Exclude all pictures, then copy each of the records exactly as written.

=== Begin Enclosure ===

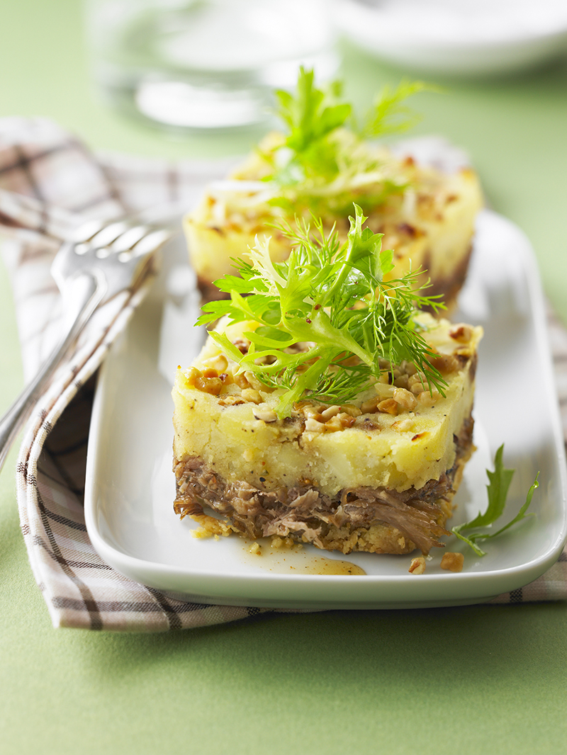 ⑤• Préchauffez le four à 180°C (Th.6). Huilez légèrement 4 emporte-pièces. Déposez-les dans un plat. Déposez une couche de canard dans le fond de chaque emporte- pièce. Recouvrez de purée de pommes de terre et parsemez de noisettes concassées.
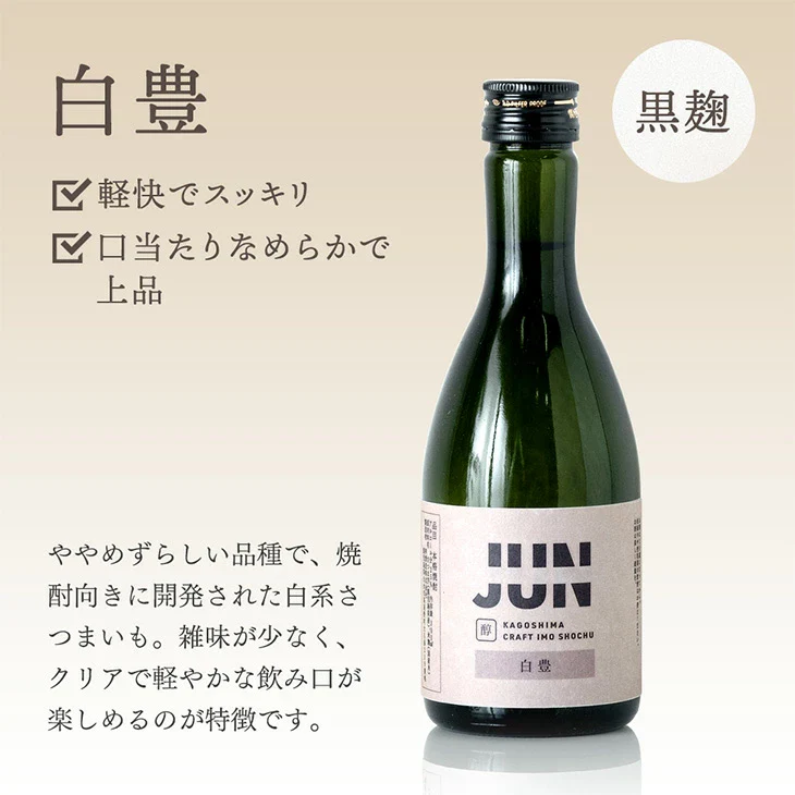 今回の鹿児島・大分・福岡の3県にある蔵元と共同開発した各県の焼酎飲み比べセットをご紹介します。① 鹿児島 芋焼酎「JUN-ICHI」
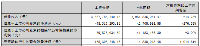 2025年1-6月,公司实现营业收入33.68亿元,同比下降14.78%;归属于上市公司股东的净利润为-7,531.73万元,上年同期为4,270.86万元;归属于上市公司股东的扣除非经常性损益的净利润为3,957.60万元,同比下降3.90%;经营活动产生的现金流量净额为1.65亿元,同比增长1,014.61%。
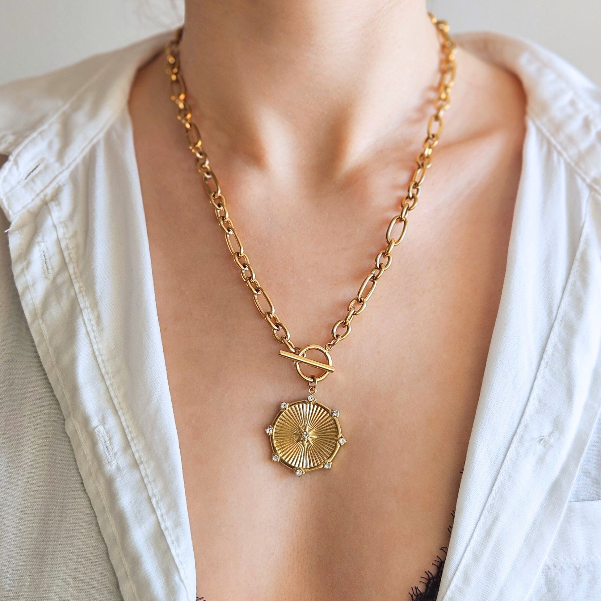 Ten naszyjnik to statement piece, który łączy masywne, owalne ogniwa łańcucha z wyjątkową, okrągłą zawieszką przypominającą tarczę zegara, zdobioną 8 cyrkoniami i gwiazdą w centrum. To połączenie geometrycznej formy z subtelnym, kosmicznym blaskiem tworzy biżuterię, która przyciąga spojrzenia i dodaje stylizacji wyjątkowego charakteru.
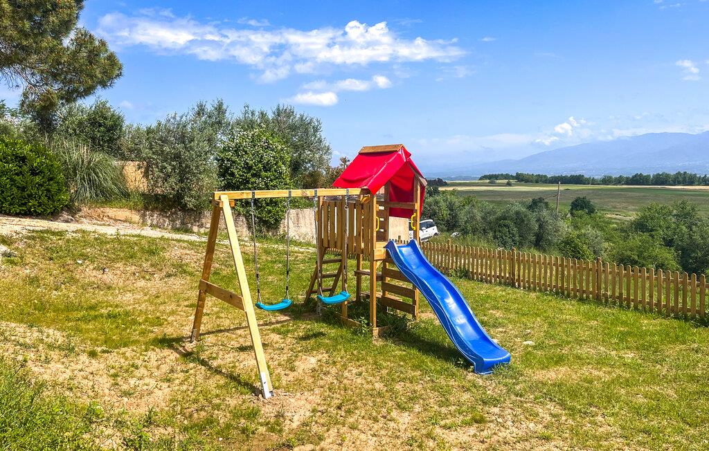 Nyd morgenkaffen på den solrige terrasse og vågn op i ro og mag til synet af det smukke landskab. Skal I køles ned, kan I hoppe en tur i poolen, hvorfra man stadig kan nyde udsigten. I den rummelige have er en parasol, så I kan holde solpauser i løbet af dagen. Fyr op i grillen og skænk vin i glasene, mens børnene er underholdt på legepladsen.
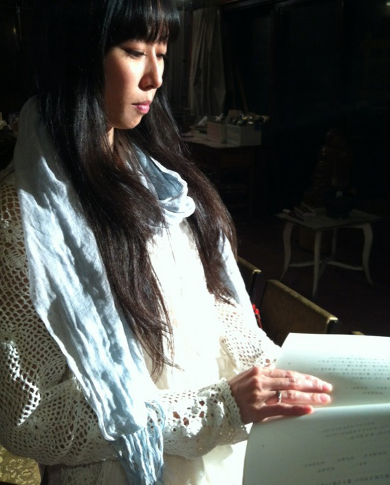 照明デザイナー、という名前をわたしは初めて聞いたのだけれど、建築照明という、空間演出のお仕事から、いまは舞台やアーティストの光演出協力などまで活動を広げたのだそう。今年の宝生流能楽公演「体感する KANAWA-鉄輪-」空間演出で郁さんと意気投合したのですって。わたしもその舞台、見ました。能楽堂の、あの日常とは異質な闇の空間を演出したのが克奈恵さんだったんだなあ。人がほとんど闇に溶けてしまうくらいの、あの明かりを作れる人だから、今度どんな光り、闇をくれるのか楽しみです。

=== End Enclosure ===

- _Exercise result_
 ⑤• Préchauffez le four à 180°C (Th.6). Huilez légèrement 4 emporte-pièces. Déposez-les dans un plat. Déposez une couche de canard dans le fond de chaque emporte- pièce. Recouvrez de purée de pommes de terre et parsemez de noisettes concassées.
 今回の鹿児島・大分・福岡の3県にある蔵元と共同開発した各県の焼酎飲み比べセットをご紹介します。① 鹿児島 芋焼酎「JUN-ICHI」
 2025年1-6月,公司实现营业收入33.68亿元,同比下降14.78%;归属于上市公司股东的净利润为-7,531.73万元,上年同期为4,270.86万元;归属于上市公司股东的扣除非经常性损益的净利润为3,957.60万元,同比下降3.90%;经营活动产生的现金流量净额为1.65亿元,同比增长1,014.61%。
 Ten naszyjnik to statement piece, który łączy masywne, owalne ogniwa łańcucha z wyjątkową, okrągłą zawieszką przypominającą tarczę zegara, zdobioną 8 cyrkoniami i gwiazdą w centrum. To połączenie geometrycznej formy z subtelnym, kosmicznym blaskiem tworzy biżuterię, która przyciąga spojrzenia i dodaje stylizacji wyjątkowego charakteru.
 Nyd morgenkaffen på den solrige terrasse og vågn op i ro og mag til synet af det smukke landskab. Skal I køles ned, kan I hoppe en tur i poolen, hvorfra man stadig kan nyde udsigten. I den rummelige have er en parasol, så I kan holde solpauser i løbet af dagen. Fyr op i grillen og skænk vin i glasene, mens børnene er underholdt på legepladsen.
 照明デザイナー、という名前をわたしは初めて聞いたのだけれど、建築照明という、空間演出のお仕事から、いまは舞台やアーティストの光演出協力などまで活動を広げたのだそう。今年の宝生流能楽公演「体感する KANAWA-鉄輪-」空間演出で郁さんと意気投合したのですって。わたしもその舞台、見ました。能楽堂の、あの日常とは異質な闇の空間を演出したのが克奈恵さんだったんだなあ。人がほとんど闇に溶けてしまうくらいの、あの明かりを作れる人だから、今度どんな光り、闇をくれるのか楽しみです。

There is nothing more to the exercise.